* DATASET EXCERPT:
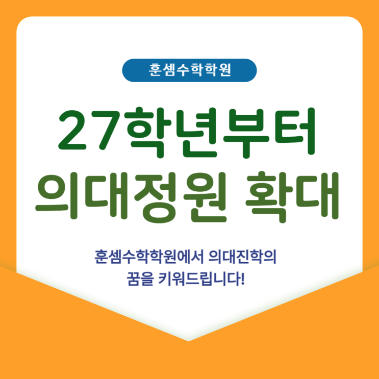 안녕하세요, 훈셈수학학원입니다. 명절 연휴를 보내고 있는 많은 학부모님들에게 인사를 드립니다! 새 학기 준비로 분주한 2월, 교육계에 중요한 변화의 소식이 들려왔습니다. 바로 정부의 의대 정원 확대 발표입니다. 이 정책은 의사를 꿈꾸는 우리 학생들에게 새로운 가능성을 열어주지만, 그만큼 전략적인 준비가 필요한 시점이기도 합니다. 오늘은 의대정원확대 정책의 핵심 내용과 함께 효과적인 입시 대비 방법을 구체적으로 알려드리겠습니다. 보건복지부는 2027학년도부터 의대 모집 인원을 단계적으로 늘리는 계획을 최종 확정했습니다. 2027학년도에는 기존 3058명에서 490명이 추가된 3548명을 모집하고, 2028학년도와 2029학년도에는....... <img src="https://blogthumb.pstatic.net/MjAyNjAyMTZfMjI4/MDAxNzcxMjAxOTgxMzMz.x33MjUQHZH6Vs8C66L2cKUzxTI9aiy8Mp3DZnWi9MsQg._DL8mUr7oyqXezwWiaUrY2nYDy-1eFrev5KEs96koGwg.PNG/27%C7%D0%B3%E2%C0%C7%B4%EB%C1%A4%BF%F8%C8%AE%B4%EB-002_%281%29.png?type=s3" />
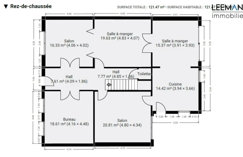Un bureau, un hall et un WC séparé complètent le rez-de-chaussée; ces espaces sont parfaitement adaptés pour l'aménagement d'une profession libérale.
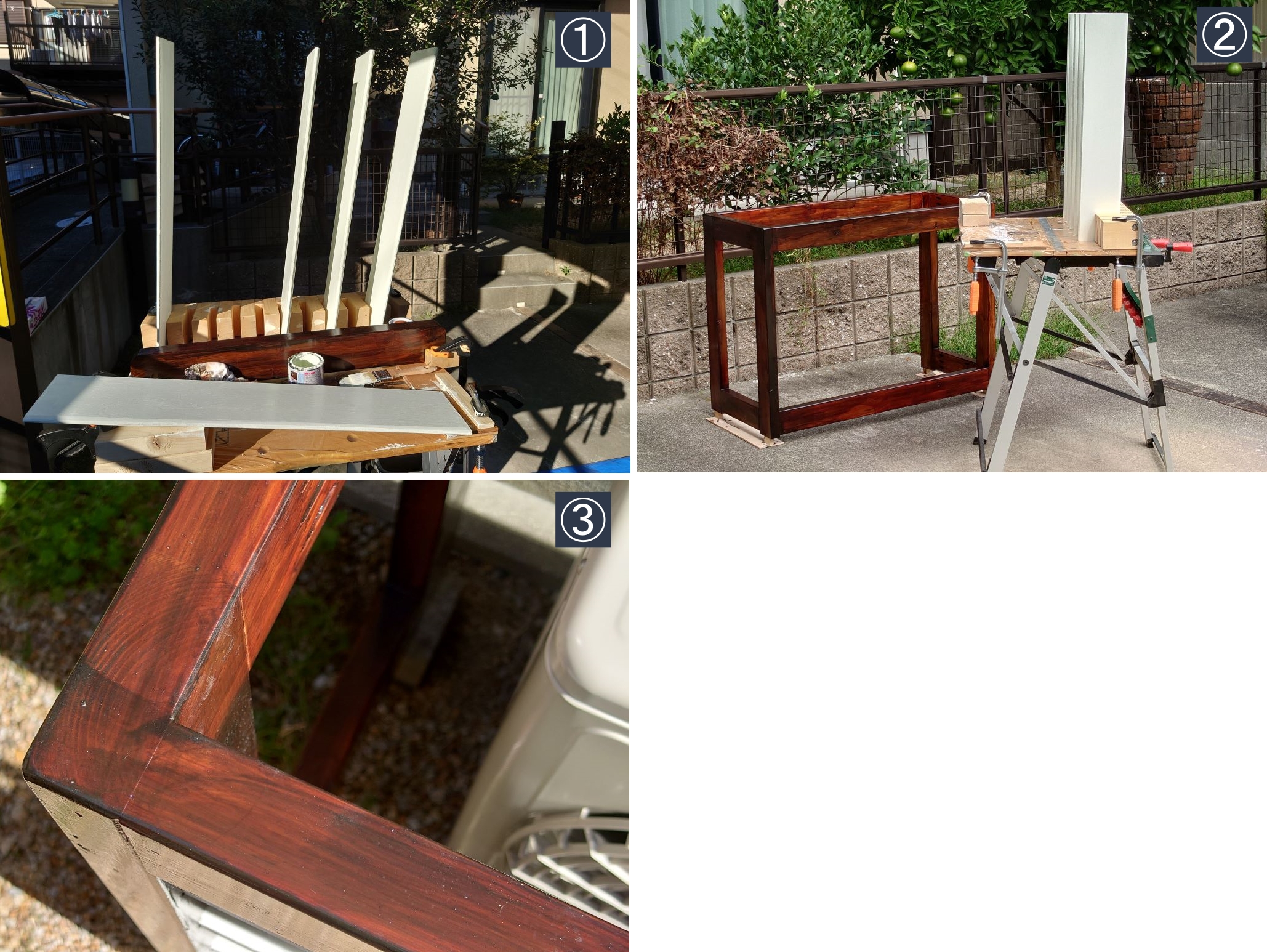 ③ 枠は木目が透けて見える「赤系の透明な塗料」を下塗りして、その上に「黒系の透明な塗料」を重ね塗りしています

* ACTIVITY:
Print the whole listing above exactly, and keep every picture out of the copy.

* ANSWER TO THIS TASK:
 안녕하세요, 훈셈수학학원입니다. 명절 연휴를 보내고 있는 많은 학부모님들에게 인사를 드립니다! 새 학기 준비로 분주한 2월, 교육계에 중요한 변화의 소식이 들려왔습니다. 바로 정부의 의대 정원 확대 발표입니다. 이 정책은 의사를 꿈꾸는 우리 학생들에게 새로운 가능성을 열어주지만, 그만큼 전략적인 준비가 필요한 시점이기도 합니다. 오늘은 의대정원확대 정책의 핵심 내용과 함께 효과적인 입시 대비 방법을 구체적으로 알려드리겠습니다. 보건복지부는 2027학년도부터 의대 모집 인원을 단계적으로 늘리는 계획을 최종 확정했습니다. 2027학년도에는 기존 3058명에서 490명이 추가된 3548명을 모집하고, 2028학년도와 2029학년도에는....... <img src="https://blogthumb.pstatic.net/MjAyNjAyMTZfMjI4/MDAxNzcxMjAxOTgxMzMz.x33MjUQHZH6Vs8C66L2cKUzxTI9aiy8Mp3DZnWi9MsQg._DL8mUr7oyqXezwWiaUrY2nYDy-1eFrev5KEs96koGwg.PNG/27%C7%D0%B3%E2%C0%C7%B4%EB%C1%A4%BF%F8%C8%AE%B4%EB-002_%281%29.png?type=s3" />
Un bureau, un hall et un WC séparé complètent le rez-de-chaussée; ces espaces sont parfaitement adaptés pour l'aménagement d'une profession libérale.
 ③ 枠は木目が透けて見える「赤系の透明な塗料」を下塗りして、その上に「黒系の透明な塗料」を重ね塗りしています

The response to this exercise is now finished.